Durante muito tempo, a preocupação com envelhecimento surgia na vida adulta. Depois dos 30 ou dos 40 anos. Portanto, não fazia parte do universo de quem ainda estava lidando com espinhas, escola e pertencimento.
Hoje, contudo, faz. Vejamos: consultórios dermatológicos relatam aumento na procura por tratamentos antienvelhecimento entre jovens de 16 a 24 anos; ao mesmo tempo, produtos “anti-aging” passaram a integrar rotinas cada vez mais precoces.
Termos como baby botox circulam nas redes sociais com naturalidade. A lógica preventiva se tornou discurso dominante: é preciso começar cedo para que os sinais nunca apareçam.
Esse é o fato. O sintoma aparece nas telas.
No TikTok, adolescentes compartilham rotinas rígidas de cuidado com foco em evitar o envelhecimento. Vídeos ensinam a reaplicar protetor solar a cada duas horas “para não envelhecer”. Outros mostram massagens faciais intensas com gua sha, prometendo esculpir o rosto e impedir marcas futuras.
Em um desses vídeos, uma jovem desliza o instrumento pelo rosto com força e afirma: “Comecem cedo. Depois é tarde.”
O medo de envelhecer virou conteúdo.

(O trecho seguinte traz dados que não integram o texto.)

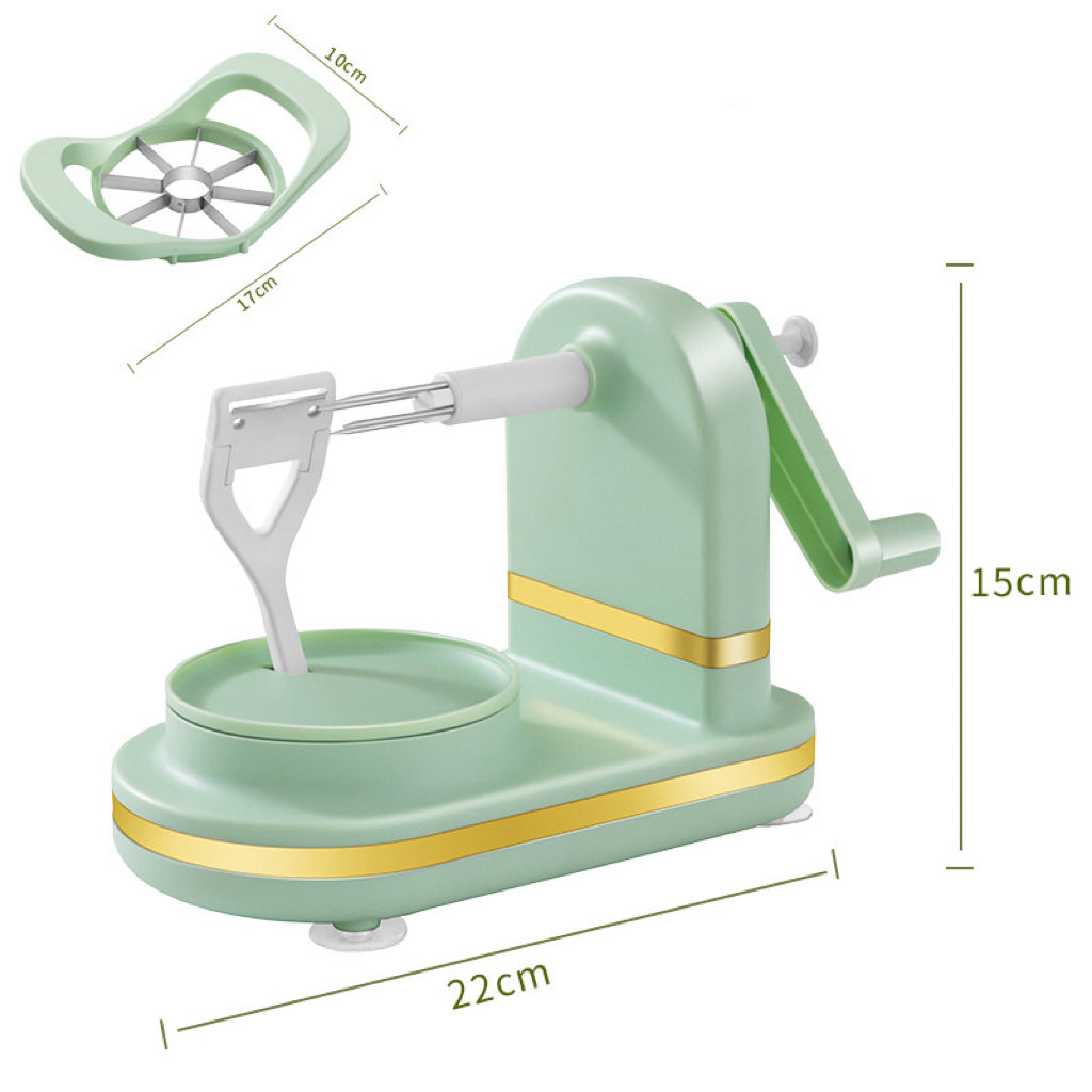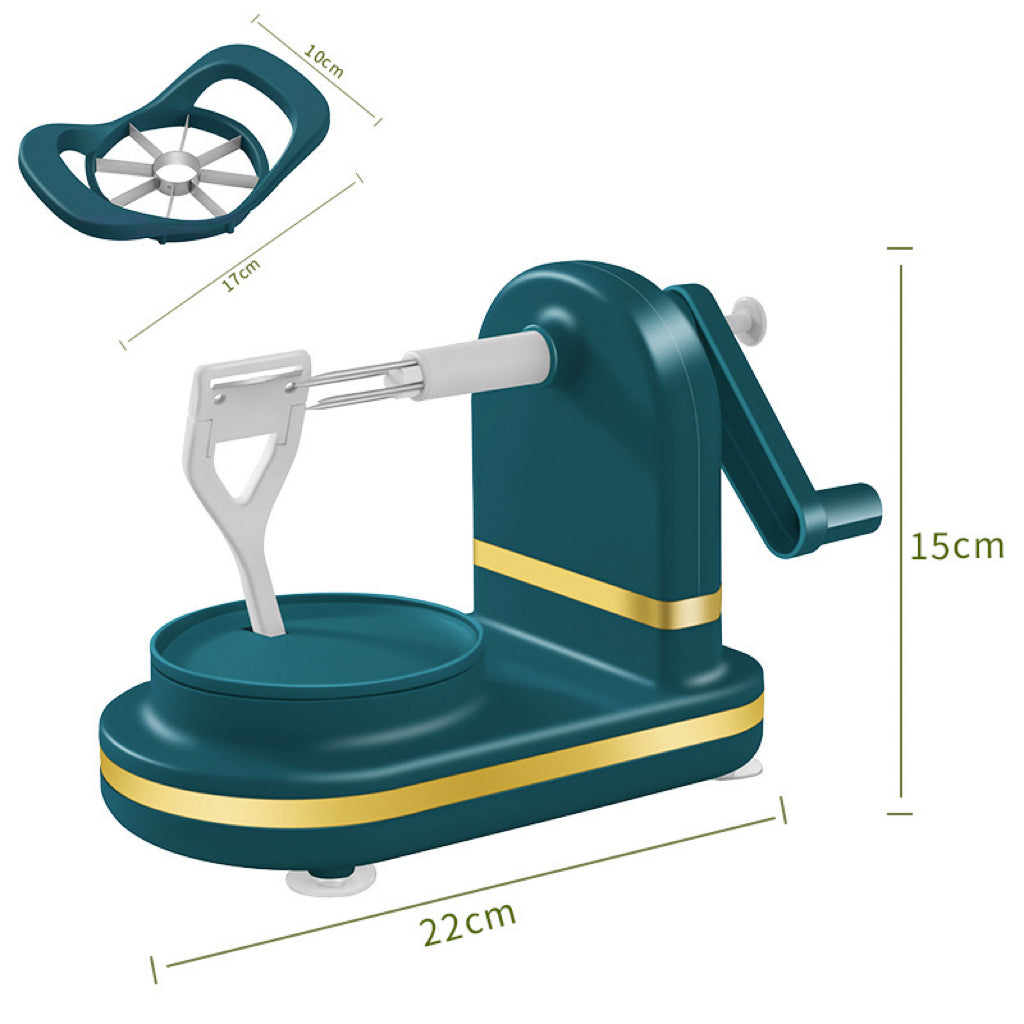 ЛЕСНА РАБОТА С МАНИВЕЛА: Поставете центъра на плода в стоманената игла, завъртете манивелата по часовниковата стрелка и наблюдавайте как обелвачката без усилие отстранява кората. Тази ръчна операция гарантира прецизност и контрол по време на целия процес на обелване.
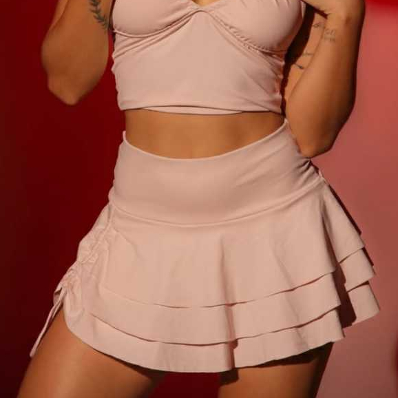 Saia Short Feminina Curta Com Babados Regulagem Lateral Suplex Premium
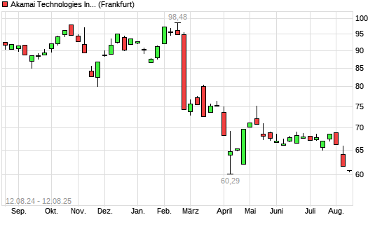 Mit dem Rücksetzer auf 60,79 EUR hat die Akamai Technologies-Aktie (ISIN US00971T1016) am 11.08.2025 ein neues 5-Jahres-Tief erreicht und damit den Kurs vom 08.08.2025 eingestellt.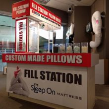 Visit our Fill Station Pillow Kiosk to design and build a pillow. Choose from a variety of fillers.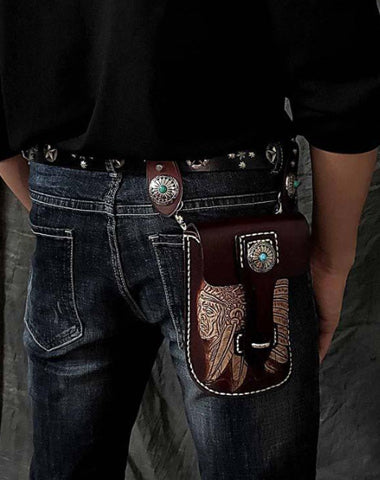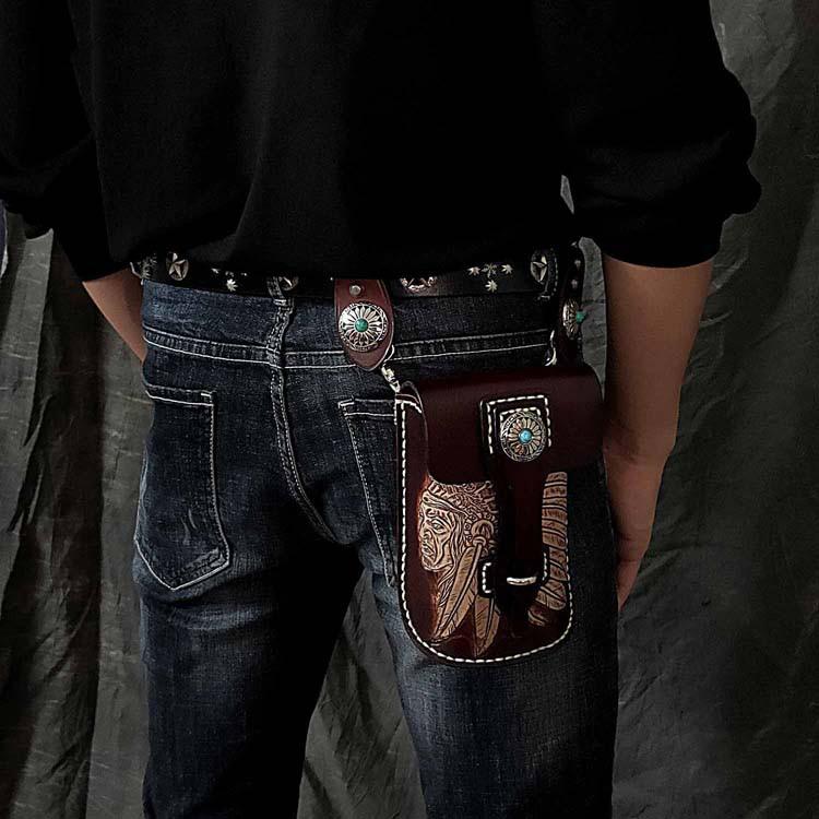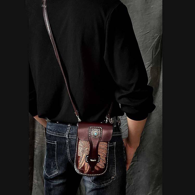 Design: Black Badass Mens Leather Waist Bag Side Bag Brown Chest Bag Crossbody Bag Belt Bag for Men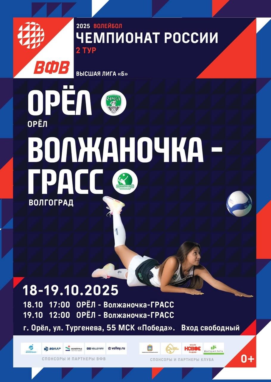 В эти выходные в Орле состоится 2-ой тур Чемпионата России по волейболу среди женских команд Высшей лиги «Б». Орловская ВК «Орёл» сразится с волгоградской «Волжаночкой-ГРАСС».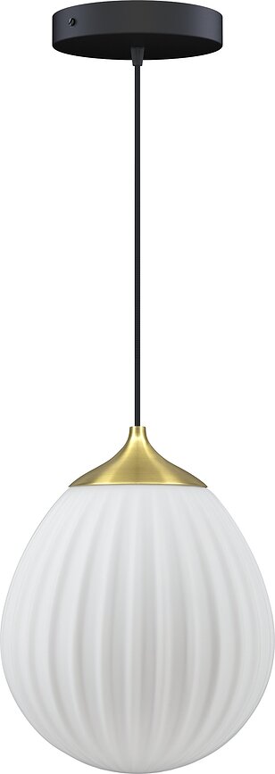 - Además de la pantalla de cristal, el conjunto también incluye una tapa superior de metal, disponible en varias opciones de color, un cable colgante en blanco o negro, y una roseta de techo (también en varias versiones de color).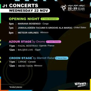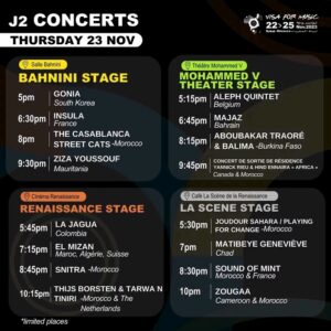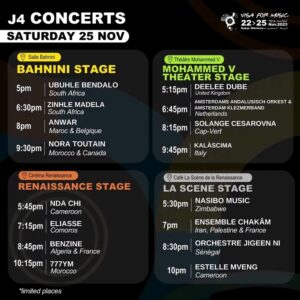 Le festival offrira une scène à de nombreux talents émergents et confirmés venant des quatre coins du continent africain et du Moyen-Orient. Concerts, showcases et rencontres professionnelles rythmeront ces quatre jours, favorisant les échanges culturels et artistiques.

A ansiedade virou tutorial.
A adolescência já é uma fase marcada por insegurança. O corpo muda, a identidade se reorganiza, o olhar do outro ganha mais peso. Quando esse processo acontece sob exposição permanente e comparação constante, a fragilidade aumenta.
O jovem não se vê apenas no espelho. Ele se vê em alta definição, comparado com versões filtradas. O artificial vira referência. O natural começa a parecer insuficiente.
Na clínica, começa a surgir algo que não era comum há alguns anos: adolescentes relatando medo do envelhecimento como preocupação real. Não como fantasia distante, mas como ameaça concreta. Esse deslocamento é significativo.
O que está por trás disso?
Uma cultura que transformou imagem em capital. Curtidas viraram medida de valor. A validação é pública. O julgamento é instantâneo.
E há outro ponto que precisa ser dito com clareza: a juventude é um mercado extremamente lucrativo. Jovens, especialmente os muito jovens, são mais suscetíveis à promessa de pertencimento, à sedução da imagem ideal e ao consumo como solução de insegurança. A indústria sabe disso. As plataformas sabem disso. E operam sobre isso.
E aqui entramos no risco coletivo.
Os dados sobre saúde mental entre adolescentes mostram aumento consistente de ansiedade e depressão. A pressão por desempenho, imagem e validação digital está entre os fatores associados a esse crescimento.
Transtornos alimentares, como anorexia e bulimia, frequentemente envolvem uma relação rígida e persecutória com o corpo. A tentativa de controle absoluto pode evoluir para sofrimento grave. Em quadros mais severos, pode surgir distorção significativa da percepção corporal — um afastamento do real que, em situações extremas, assume contornos psicóticos.
Não estamos falando apenas de estética. Estamos falando de adoecimento.
A adolescência é uma travessia exigente. Acrescentar a ela a obrigação de combater o tempo antes mesmo de vivê-lo é impor uma carga desnecessária.
O que podemos fazer? Primeiro, parar de tratar isso como simples vaidade juvenil. Segundo, pais precisam refletir antes de autorizar intervenções precoces. Autoestima não se constrói apenas ajustando aparência. Terceiro, médicos precisam sustentar critérios técnicos e éticos claros, mesmo diante da demanda crescente. E, por fim, nós, como sociedade, precisamos questionar o padrão que estamos naturalizando.
Cuidar da aparência é legítimo. O problema começa quando a aparência vira identidade. Quando juventude deixa de ser fase e passa a ser obrigação permanente.
Rugas que nunca existiram não deveriam ser urgência. Mas, se não houver consciência coletiva, o sofrimento que estamos produzindo pode se tornar o novo normal.
E isso já não é apenas questão estética. É questão de saúde pública.